Risk Management and Insurance: The Missing Pillars of SME Export Competitiveness

India’s 6.3 crore micro, small, and medium enterprises are the backbone of the economy, contributing nearly half of India’s exports. But their global ambitions often collide with an unforgiving reality, thin margins, volatile markets, and risks that can wipe out years of progress.
Speaking at Cargo Corridors: Moving SMEs Forward, hosted by SME Communities in association with FIEO, Ms. Girija Subramanian, Chairman & Managing Director of The New India Assurance Company (NIA), delivered a strong message: “Risk is inevitable, but vulnerability is a choice.”
She highlighted the paradox of MSME exporters, enterprising, innovative and agile, yet often unprepared for shocks like delayed payments, buyer defaults, political upheavals, or currency fluctuations. “For many exporters, a single adverse event can mean shuttered operations,” she observed.
Insurance as a Strategic Enabler
Ms. Subramanian argued for a mindset shift, framing insurance not as an expense but as an investment in continuity. “Insurance is not about paperwork after a crisis, it is about confidence before taking a leap,” she said. Through export credit insurance, for instance, SMEs can not only protect receivables but also unlock additional credit from banks, enabling expansion into new markets.
Innovation in Products
The keynote spotlighted emerging solutions like cyber insurance and parametric products. As MSMEs digitize, cyber threats pose existential risks. A ransomware attack or phishing scam can disrupt entire supply chains. “Cyber insurance gives SMEs access to forensic, legal, and recovery resources they cannot afford on their own,” she noted.

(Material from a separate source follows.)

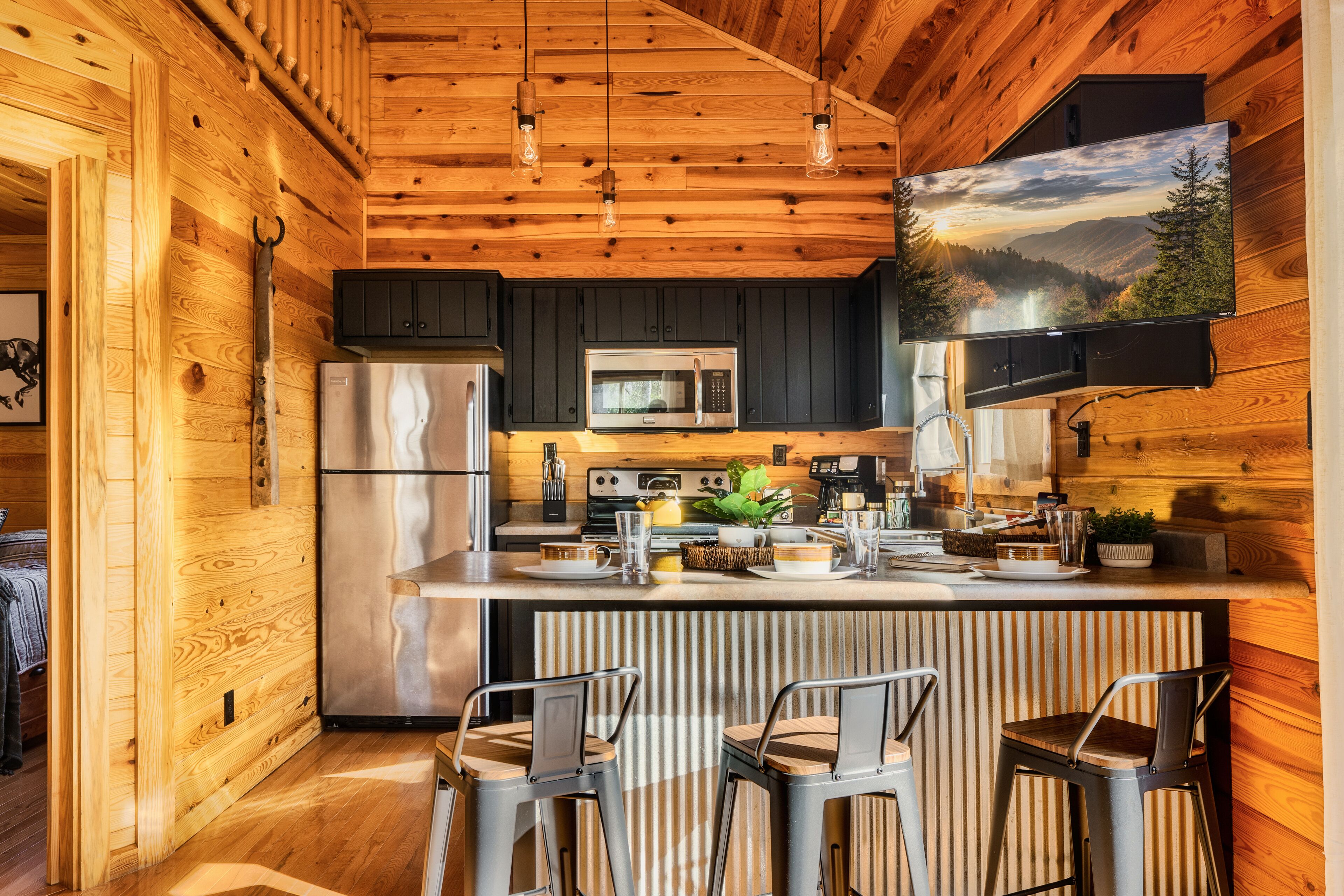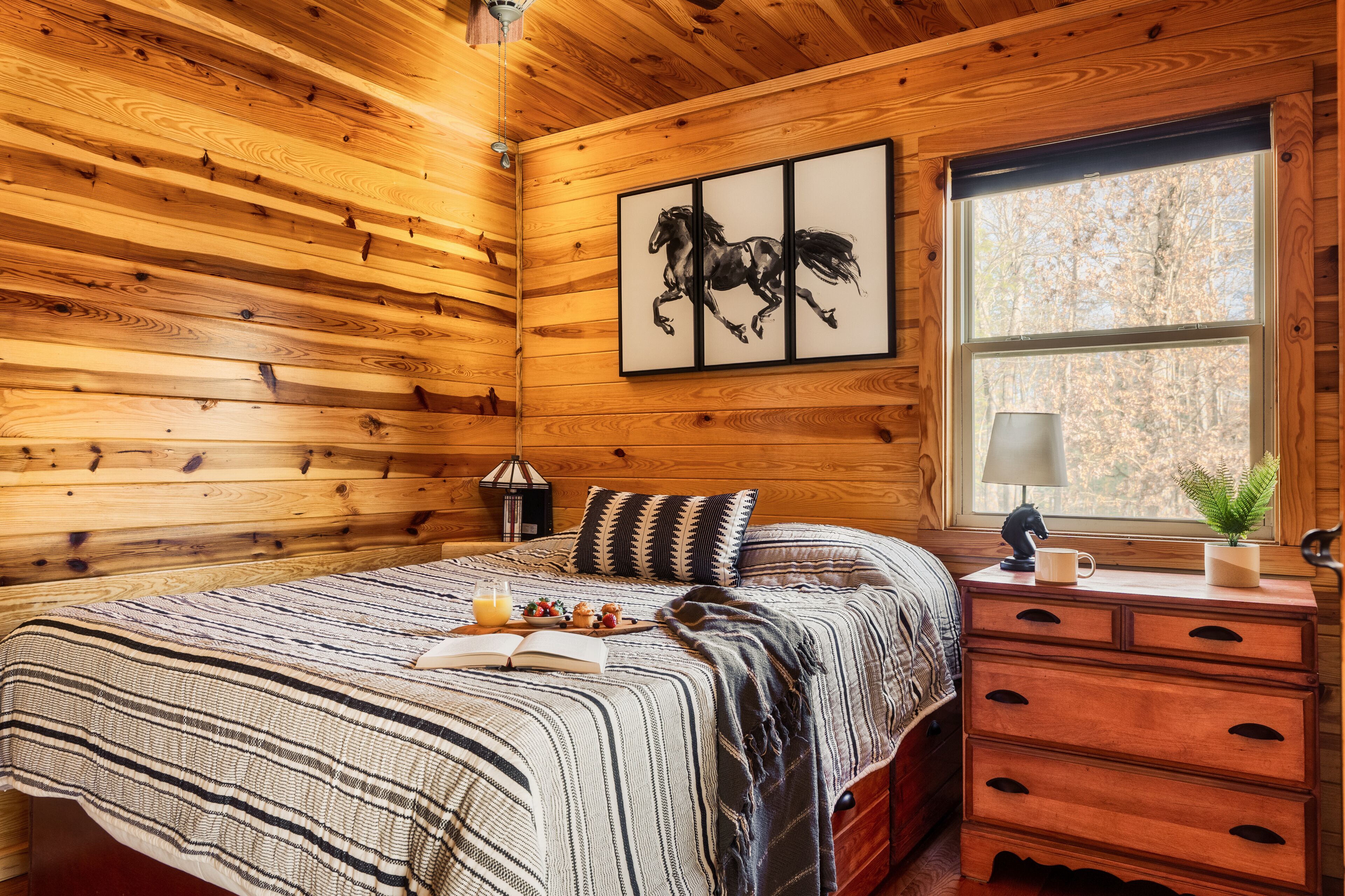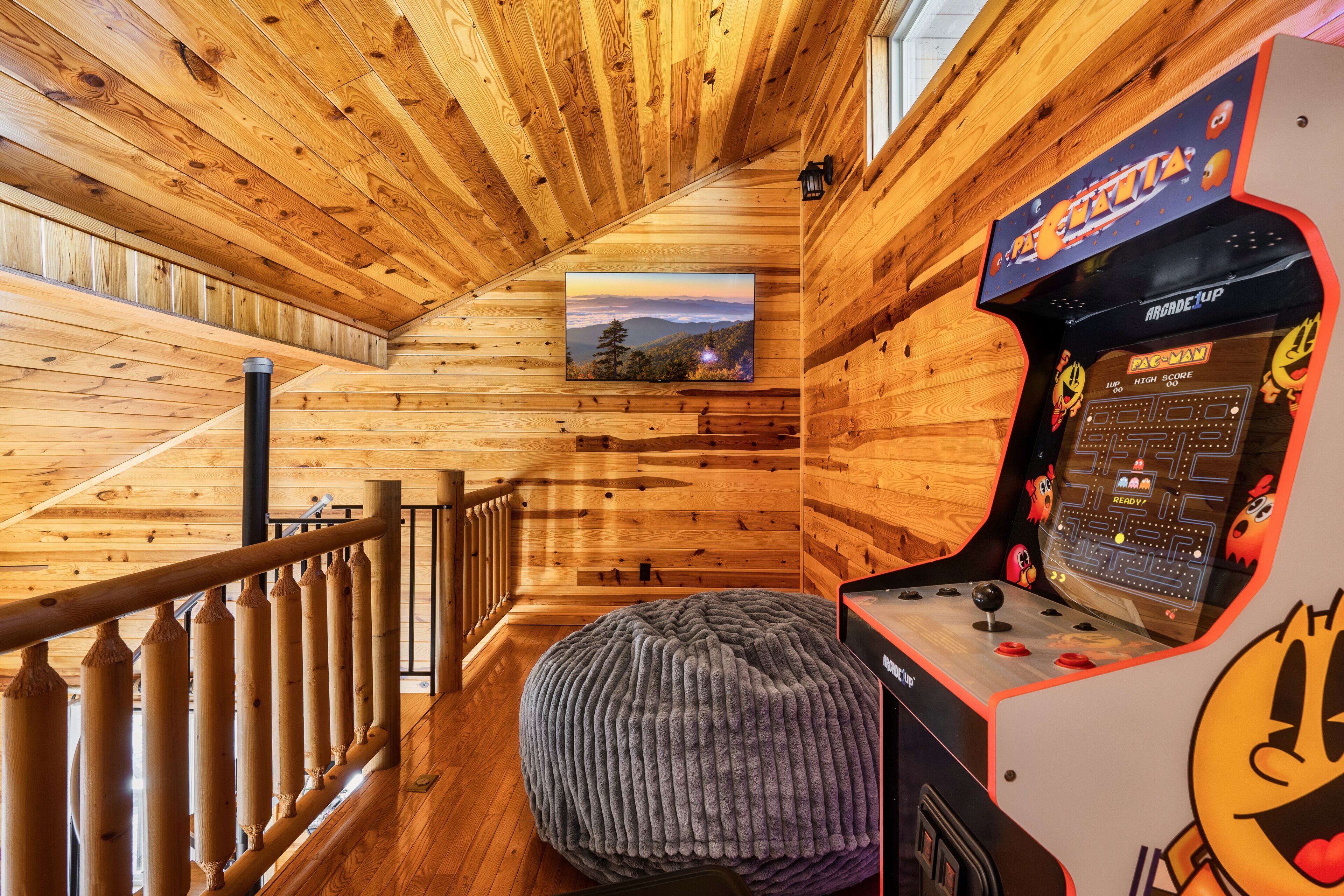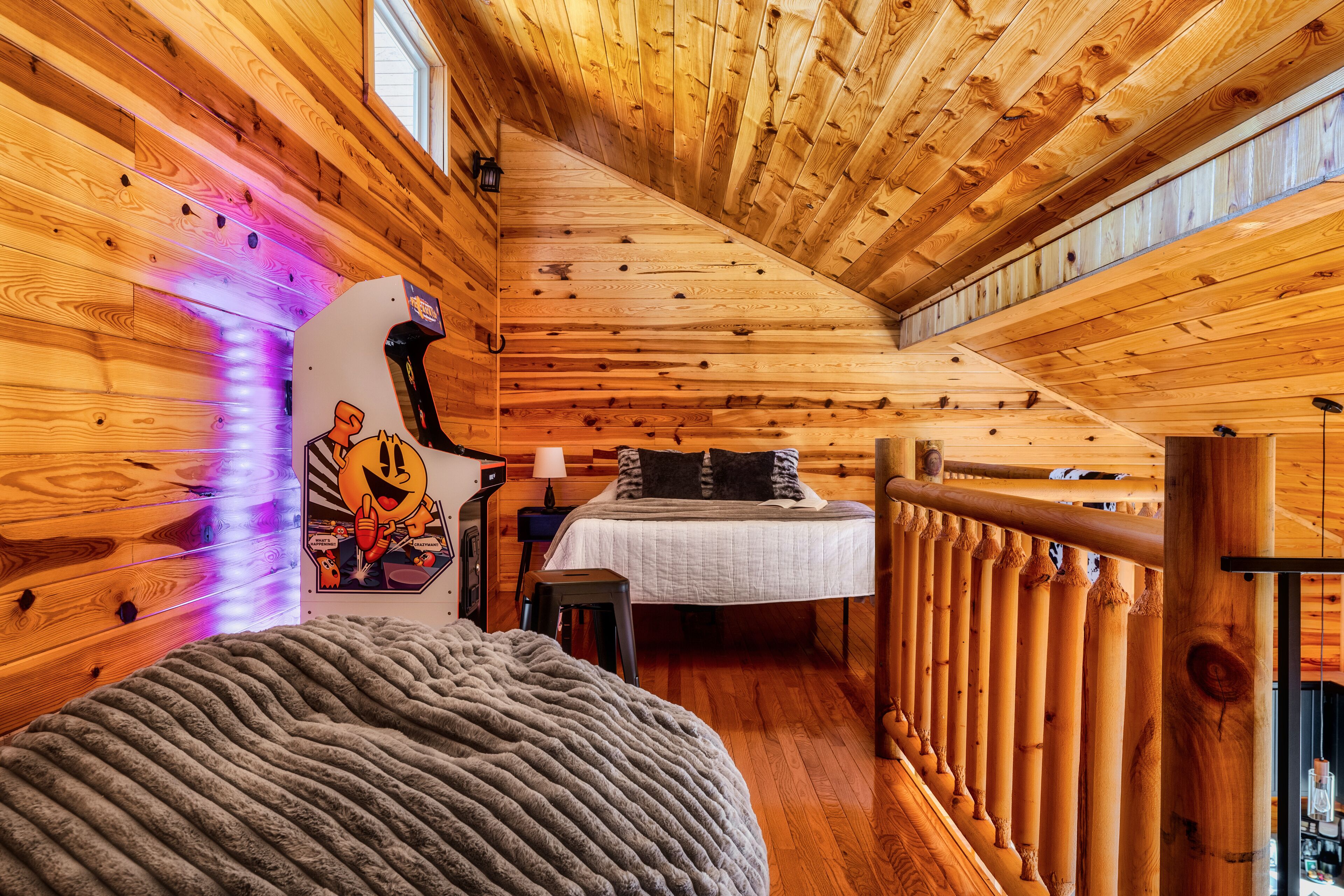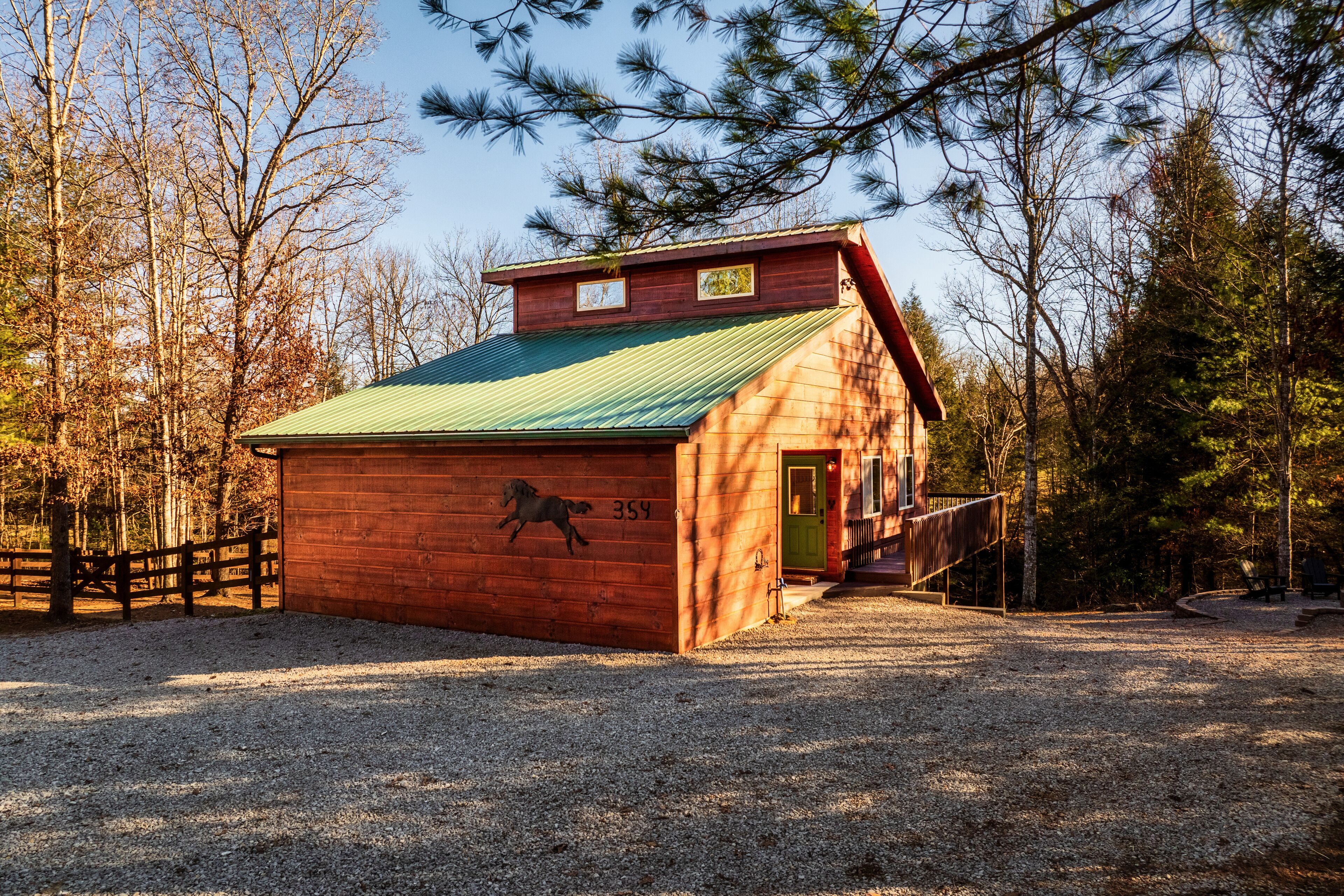Romantic Cabarn w/ HotTub Lounge - Located on BSF! Welcome to your new vacation! - Located in the Big South Fork White Oak Horse Community - Perfect Hot Tub Lounging Area - 60" Electric Fireplace - 65" Outdoor Roku TV - Outdoor Dine/Lounge - High-speed Wi-FI - Loft with Arcade Games & Movie Section - Fire Pit with Park Style Grill - Close to Hiking This property is perfectly located for those looking to explore the Big South Fork! Learn more below!Nestled in the heart of the Big South Fork, Equestrian Grandeur is set within a vibrant house community "White Oak". Embrace the serenity of the surrounding nature while enjoying the equestrian charm of the unique getaway. Whether you're an outdoor enthusiast or simply seeking tranquility, This location offers an unforgettable experience in a picturesque setting. This home offers 680 square feet with 2 bedrooms and 1 bathroom. 1 bedroom is on the first floor and 1 bedroom is in the loft. This home offers guests a clean, calming, and inviting atmosphere to take in all that East Tennessee has to offer. The location is perfect because you are on the Big South Fork but just a short drive to town that has plenty of amenities.HOT TUB:There's a hot tub in the covered barn that's spacious enough to fit all of your guests! Enjoy the mountainous view and the warmth of the hot tub at the same time :)SLEEPING ARRANGEMENT:Two queen beds

Parametric insurance, on the other hand, promises speed and simplicity. Instead of long investigations, payouts are triggered automatically when a predefined event, such as extreme rainfall or a cyclone occurs. “Imagine a spice exporter in Kerala getting instant compensation when monsoon patterns breach a threshold,” Ms. Subramanian explained.
Bridging Awareness and Access
Despite these innovations, uptake remains low due to complexity and misconceptions. Ms. Subramanian emphasized the need for plain-language policies, tech-driven platforms, and digital distribution so that “a handloom exporter in Varanasi can buy a cover as easily as booking a train ticket.”
Her message was clear: insurance is the compass that helps SMEs navigate the stormy seas of global trade. It won’t calm the winds, but it will steady the ship. For a sector powering India’s trillion-dollar export ambition, resilience is not optional—it is the foundation of growth.